The commission is the bloc’s executive, enforcing rules on matters such as competition and antitrust, and proposing its legislative agenda, for example on further economic integration and banking union. The institution will also be at the vanguard of any response to escalating trade tensions with the U.S. -- a matter of vital interest to the region’s biggest economies -- and in negotiating a future agreement on commerce with the U.K. after Brexit.

Pivotal Role

The ECB under Draghi has been pivotal in keeping the euro region together during the sovereign debt crisis. It’s Outright Monetary Transactions tool, developed during that turmoil provides an important underpinning for the integrity of the single currency.

But now that it has bought government bonds in quantitative easing close to the limits of its rules, and cut interest rates well below zero, the institution is arguably a weakened economic actor.

Facing a resurgent economic crisis, the ECB could deploy a toolkit that has already been much expanded by Draghi. He claims the institution has the “optionality” to extend that array of measures with negative interest rates, long-term loans and asset purchases, if needed. But economists including Adam Posen, a former Bank of England policy maker, say that might not be enough.

“If we have another severe downturn, or even moderate downturn, it will fall upon fiscal policy to respond,” said Posen, president of the Peterson Institute for International Economics in Washington.

It’s hard to know what form that would take. In the case of a synchronized fiscal stimulus by national governments -- for example as deployed by the Group of 20 nations during the financial crisis in 2009 -- the ECB might be little more than an observer to the action.
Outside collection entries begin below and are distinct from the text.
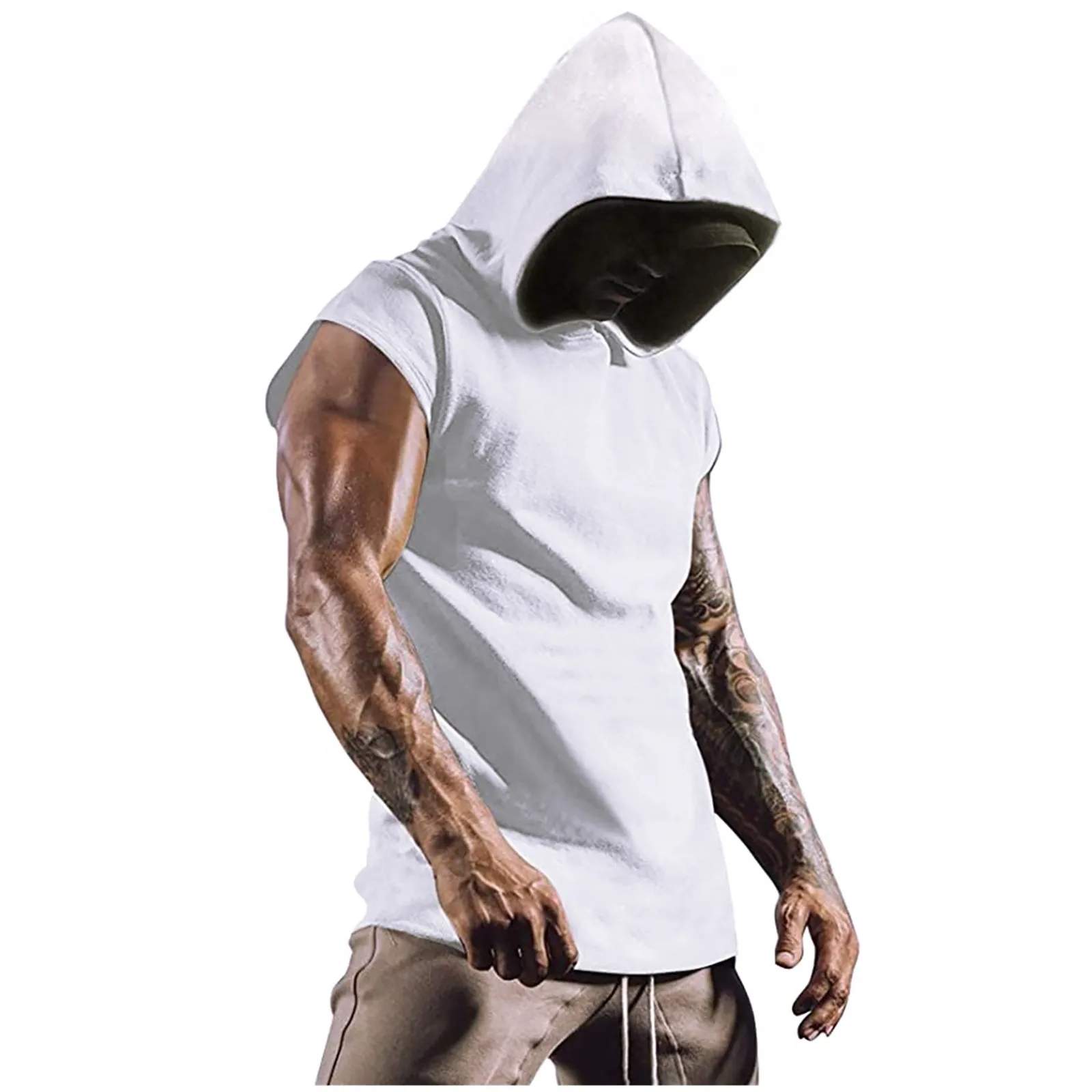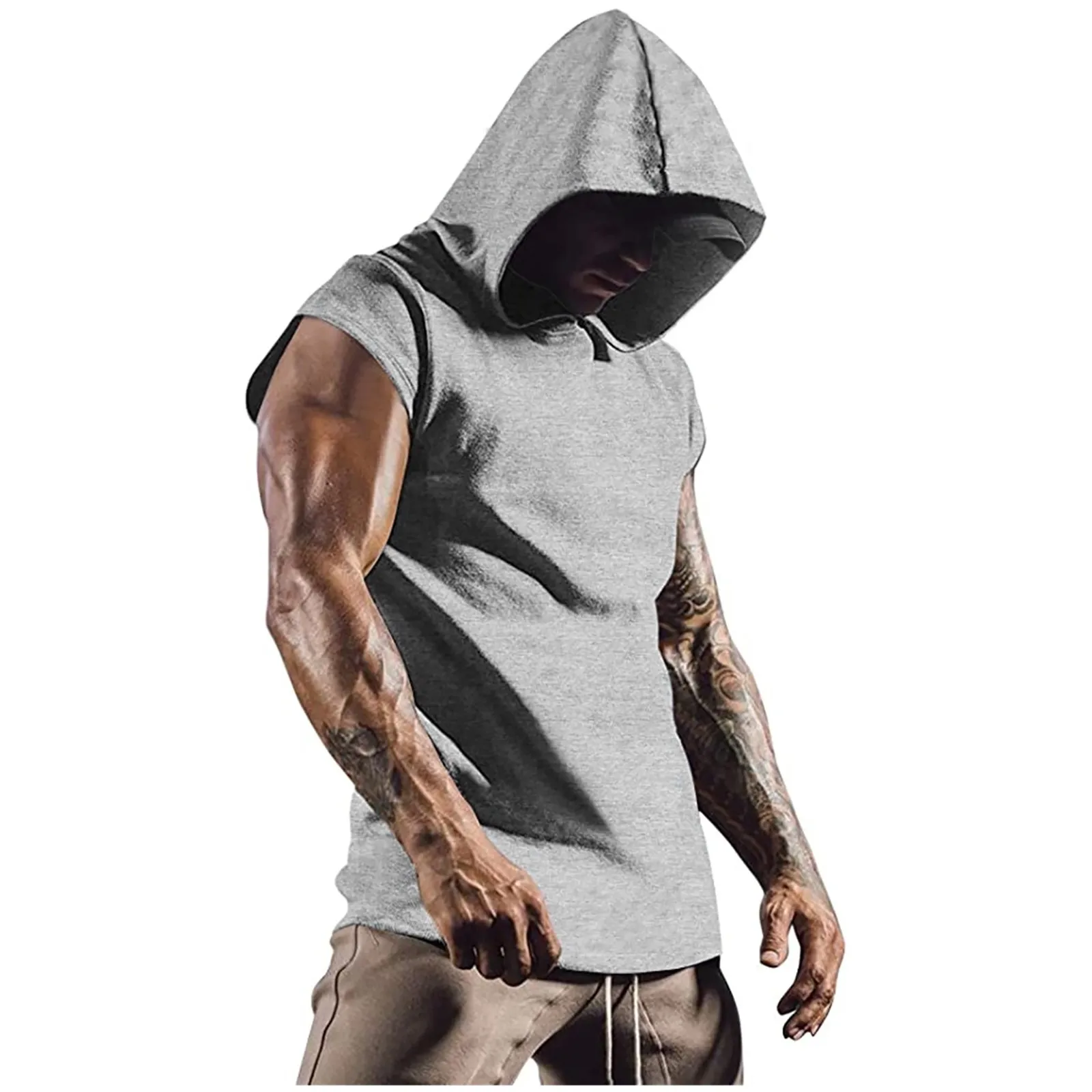 Men Fitness Muscle Sleeveless Solid Hooded Bodybuilding Tops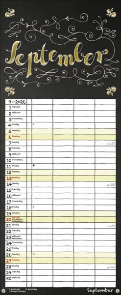 Übersichtlicher Familienplaner für bis zu 4 Personen; sehr stabile Rückwand; 19 x 46 cm Terminkalender mit viel Platz für Eintragungen, ohne störende Bilder in den Spalten leichte Beschreibbarkeit, auch mit Bunt- und Bleistiften Mehrsprachiges Kalendarium (d,e,f,i) mit regionalen Feiertagen für Deutschland, Österreich und Schweiz Farblich hervorgehobene Sonn- und Feiertage, sowie Anzeige der Zeitumstellung Gedruckt auf dickem und umweltfreundlichem FSC Papier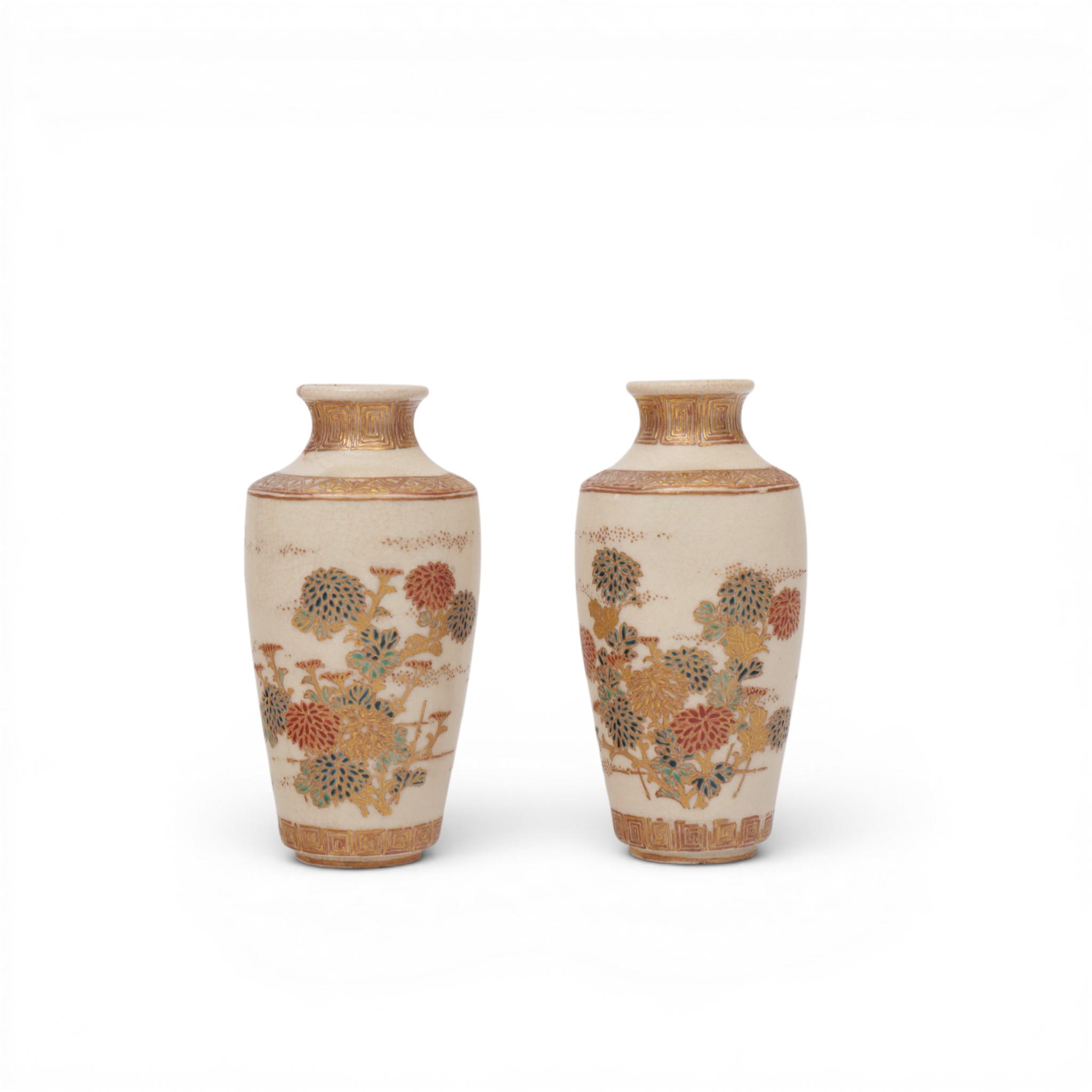 Japan, a pair of miniature porcelain Satsuma vases, signed Kinkosan, 19th century,

A less conventional response, for example requiring a mix of fiscal and monetary policy, would require the central bank’s participation. Still, political institutions and elected representatives like the euro group of finance ministers might have to take the lead.

“If you have to resume QE or do something else, then you need someone who can make it politically appealing or credible,” said Frederik Ducrozet, a strategist at Banque Pictet & Cie.